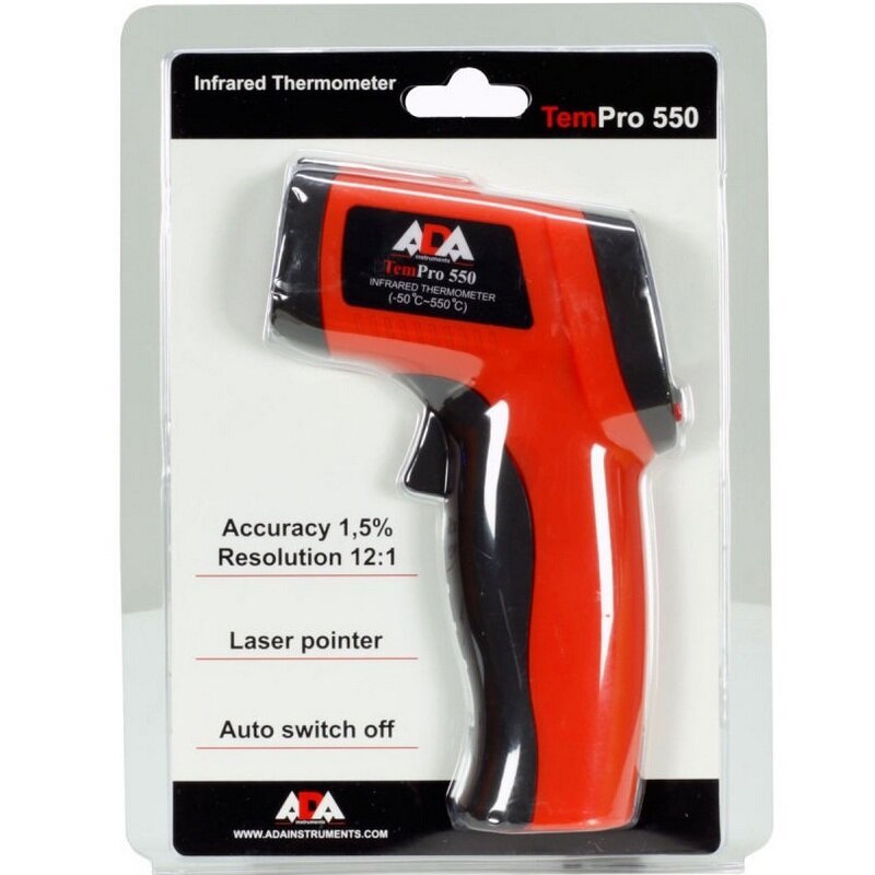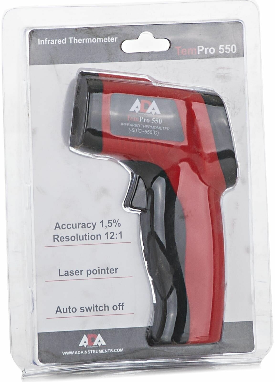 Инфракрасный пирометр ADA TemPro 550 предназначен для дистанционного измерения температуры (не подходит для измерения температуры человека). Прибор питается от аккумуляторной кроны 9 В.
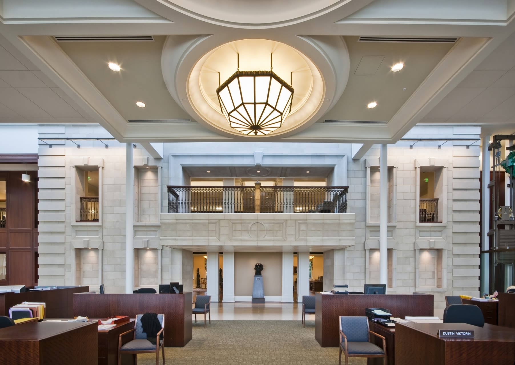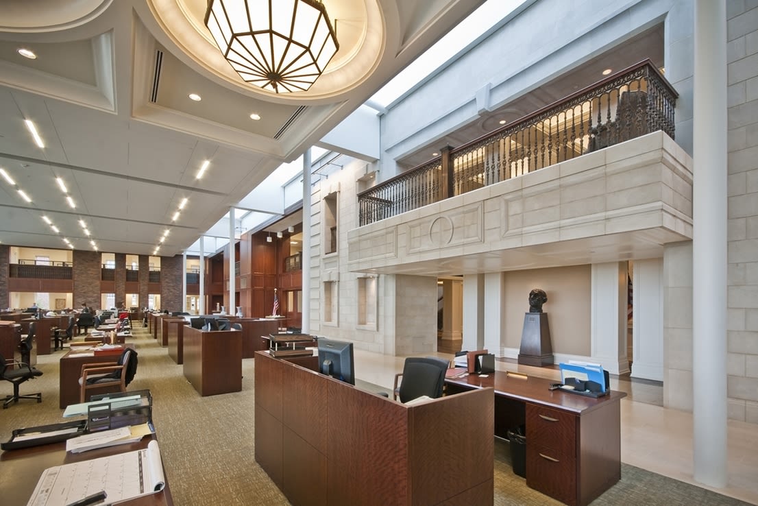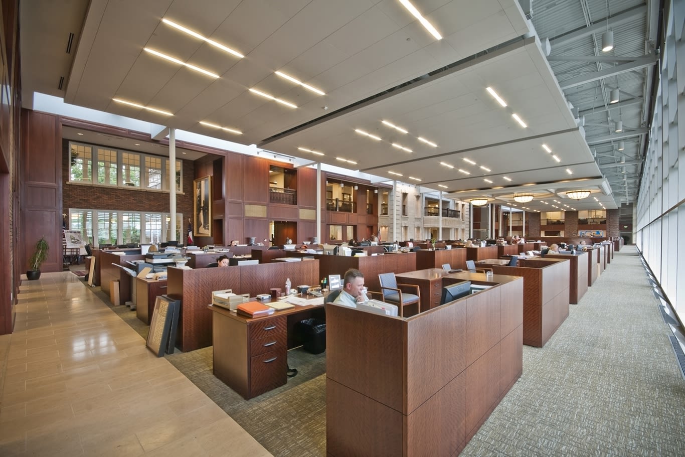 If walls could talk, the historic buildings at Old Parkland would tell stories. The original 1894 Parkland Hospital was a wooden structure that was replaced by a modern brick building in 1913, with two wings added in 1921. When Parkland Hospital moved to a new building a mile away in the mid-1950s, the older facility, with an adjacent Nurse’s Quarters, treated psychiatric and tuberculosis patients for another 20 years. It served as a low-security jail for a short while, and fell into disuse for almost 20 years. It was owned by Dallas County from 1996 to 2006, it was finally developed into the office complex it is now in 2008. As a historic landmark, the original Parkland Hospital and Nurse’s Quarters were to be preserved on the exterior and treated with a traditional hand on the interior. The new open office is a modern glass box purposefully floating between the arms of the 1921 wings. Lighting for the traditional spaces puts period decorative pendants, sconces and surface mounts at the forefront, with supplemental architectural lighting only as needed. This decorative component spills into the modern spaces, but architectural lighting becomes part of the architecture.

◇ ◇ ◇ ◇ ◇

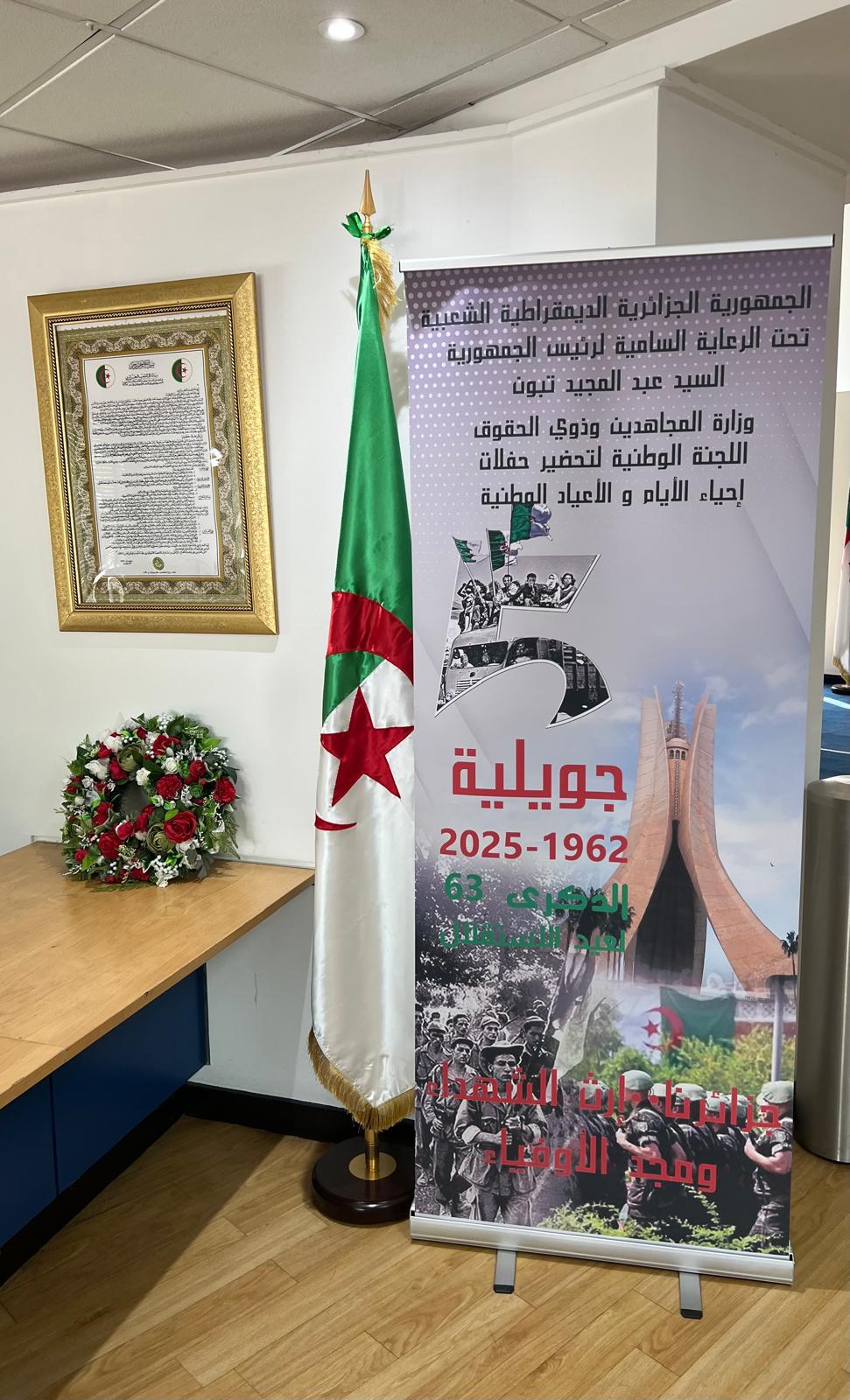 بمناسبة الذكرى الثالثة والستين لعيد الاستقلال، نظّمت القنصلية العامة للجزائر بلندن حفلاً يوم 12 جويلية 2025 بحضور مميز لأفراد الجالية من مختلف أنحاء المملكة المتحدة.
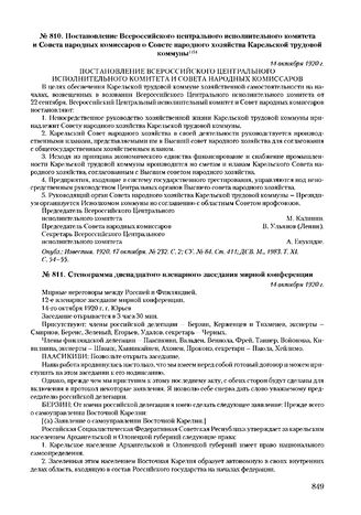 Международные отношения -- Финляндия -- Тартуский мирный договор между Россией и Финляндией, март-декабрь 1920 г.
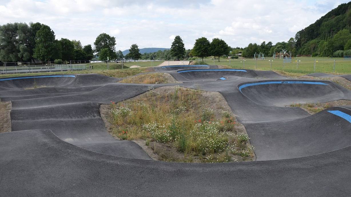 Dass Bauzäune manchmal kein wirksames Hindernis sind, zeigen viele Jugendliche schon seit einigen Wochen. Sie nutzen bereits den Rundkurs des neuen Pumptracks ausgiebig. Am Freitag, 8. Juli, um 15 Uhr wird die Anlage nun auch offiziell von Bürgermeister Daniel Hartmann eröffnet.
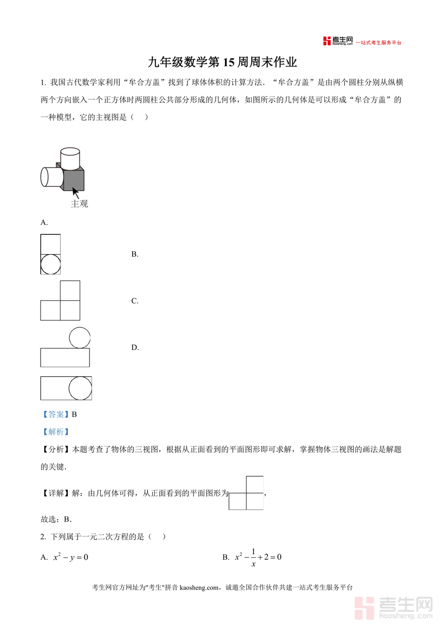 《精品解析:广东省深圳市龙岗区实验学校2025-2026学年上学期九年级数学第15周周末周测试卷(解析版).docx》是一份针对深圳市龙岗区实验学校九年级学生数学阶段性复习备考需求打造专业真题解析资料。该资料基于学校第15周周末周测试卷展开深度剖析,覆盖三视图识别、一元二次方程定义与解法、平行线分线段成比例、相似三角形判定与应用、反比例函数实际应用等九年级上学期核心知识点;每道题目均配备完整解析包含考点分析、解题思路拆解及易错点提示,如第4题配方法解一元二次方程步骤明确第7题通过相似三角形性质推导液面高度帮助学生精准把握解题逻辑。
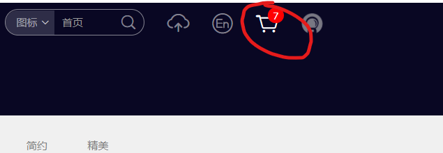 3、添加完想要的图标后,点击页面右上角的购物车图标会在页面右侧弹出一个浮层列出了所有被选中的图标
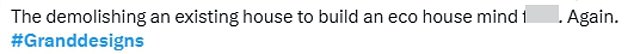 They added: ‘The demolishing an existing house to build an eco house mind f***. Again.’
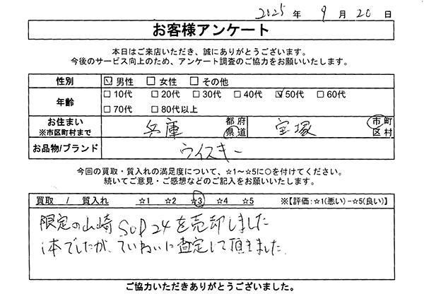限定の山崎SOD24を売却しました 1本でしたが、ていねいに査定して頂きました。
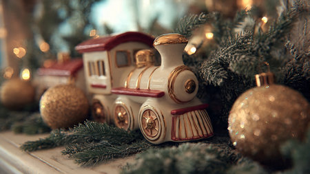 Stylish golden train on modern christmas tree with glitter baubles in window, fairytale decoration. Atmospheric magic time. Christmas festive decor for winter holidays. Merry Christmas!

◇ ◇ ◇ ◇ ◇

* ASSIGNMENT *
Restate word for word the lines of the data above that begin at the line with "限定の山崎SOD24を売却しました 1本でしたが、ていねいに査定して頂きました。" and end at the line with "Stylish golden train", keeping both ends and dropping every picture.

* TASK SOLUTION *
限定の山崎SOD24を売却しました 1本でしたが、ていねいに査定して頂きました。
 Stylish golden train on modern christmas tree with glitter baubles in window, fairytale decoration. Atmospheric magic time. Christmas festive decor for winter holidays. Merry Christmas!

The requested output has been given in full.